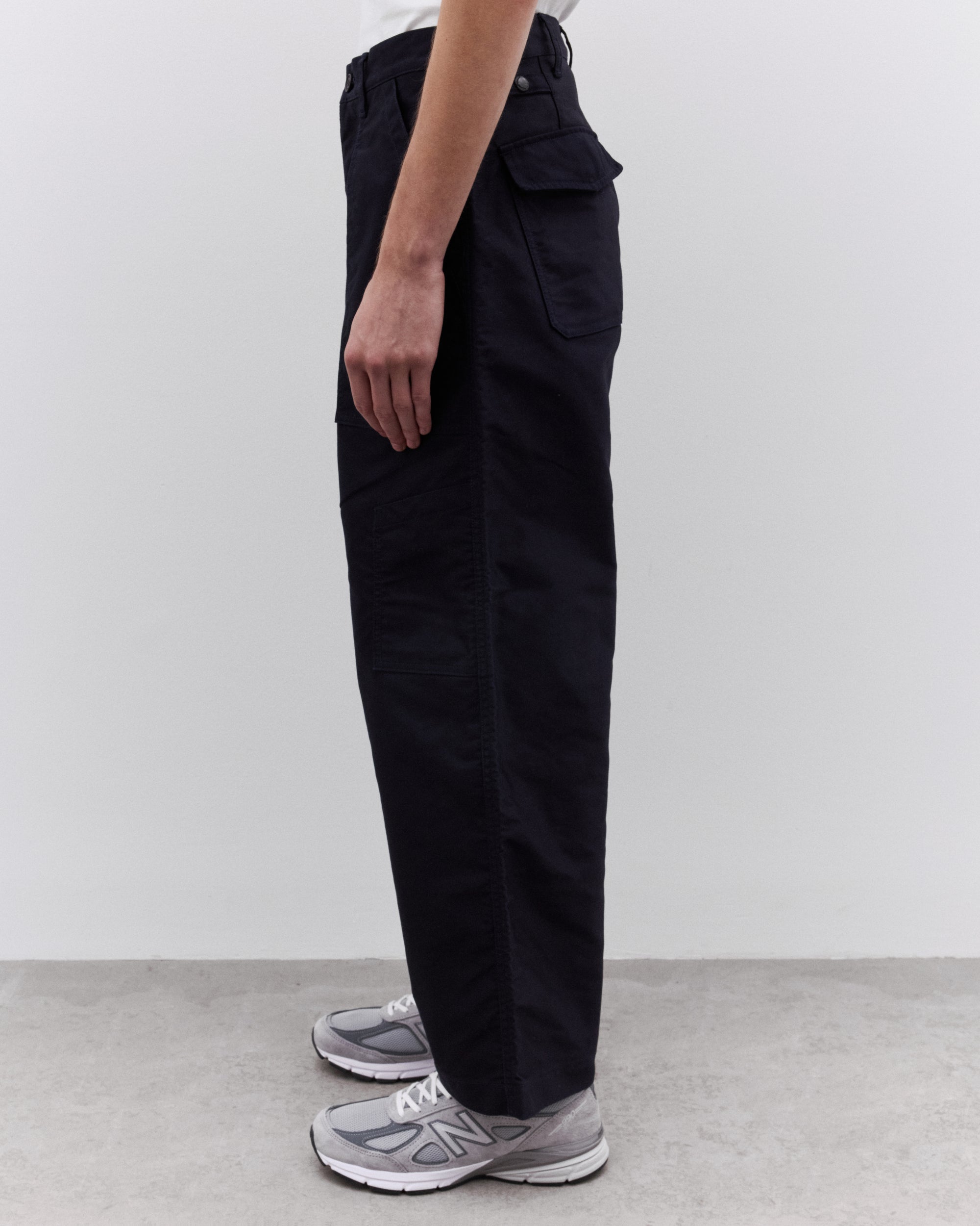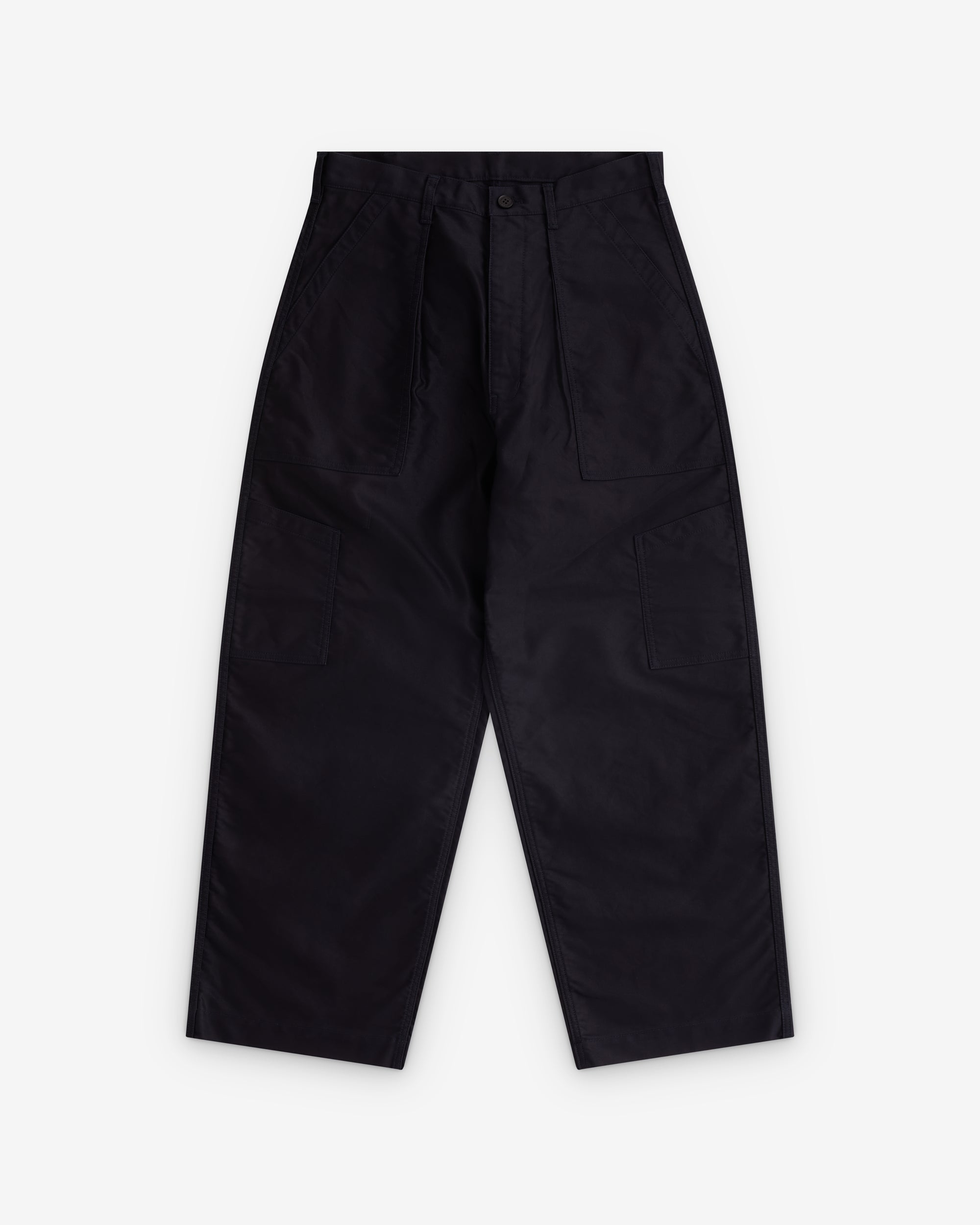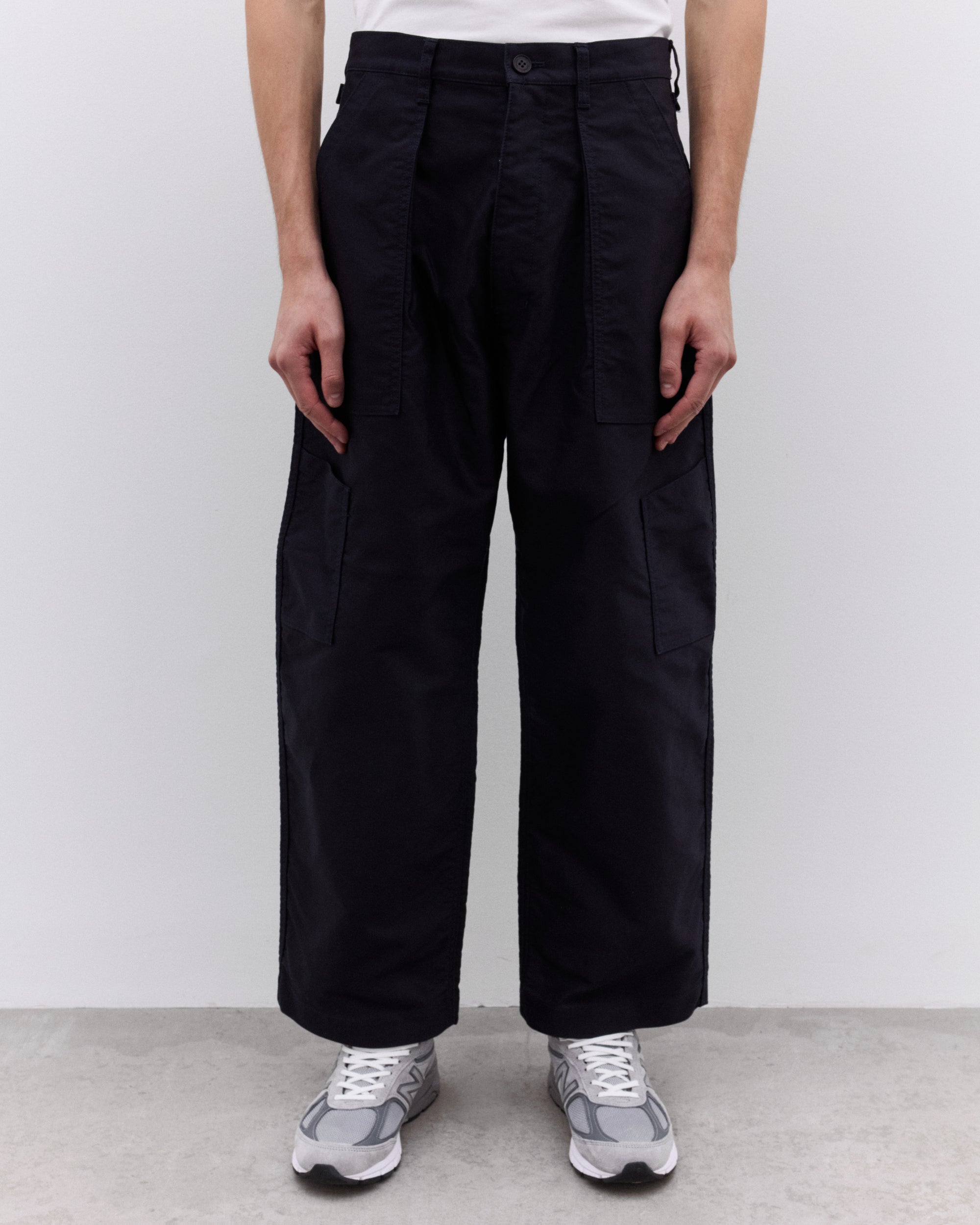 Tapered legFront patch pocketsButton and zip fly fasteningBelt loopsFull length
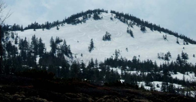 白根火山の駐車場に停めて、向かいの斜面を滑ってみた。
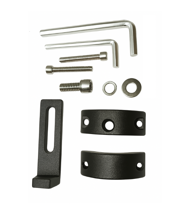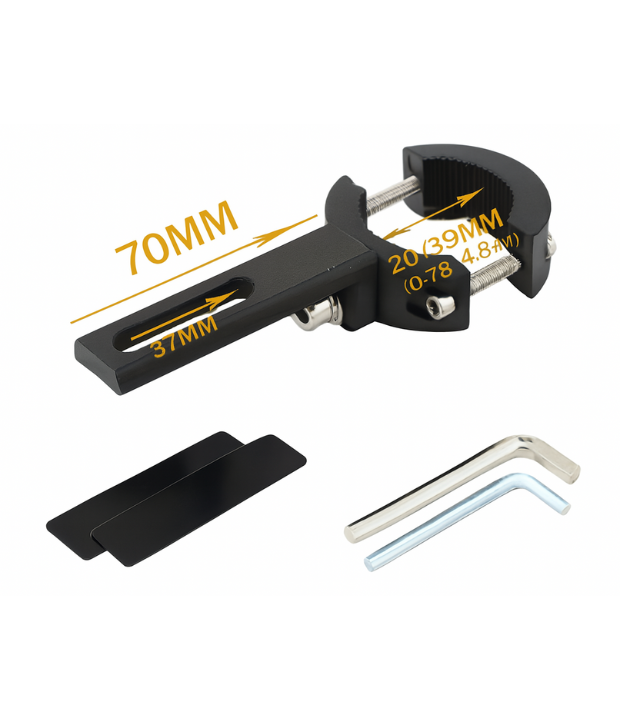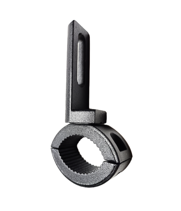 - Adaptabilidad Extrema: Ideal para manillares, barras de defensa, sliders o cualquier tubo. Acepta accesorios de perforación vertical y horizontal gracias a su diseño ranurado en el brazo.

...

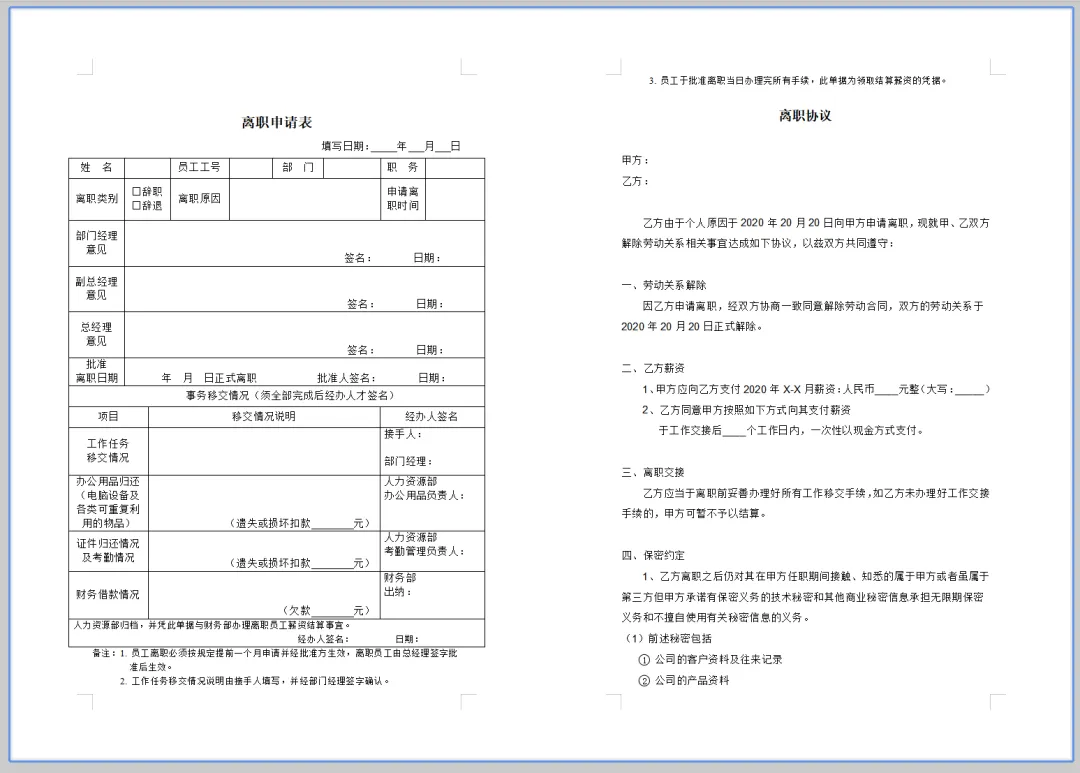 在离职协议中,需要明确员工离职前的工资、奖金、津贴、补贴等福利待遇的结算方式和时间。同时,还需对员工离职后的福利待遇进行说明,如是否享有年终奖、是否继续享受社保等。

**Task**
Copy nothing but the lines above that run from the one with "Tapered legFront patch" to the one with "白根火山の駐車場に停めて、向かいの斜面を滑ってみた。", ends included; pictures stay out.

**Result of the exercise**
 Tapered legFront patch pocketsButton and zip fly fasteningBelt loopsFull length
 白根火山の駐車場に停めて、向かいの斜面を滑ってみた。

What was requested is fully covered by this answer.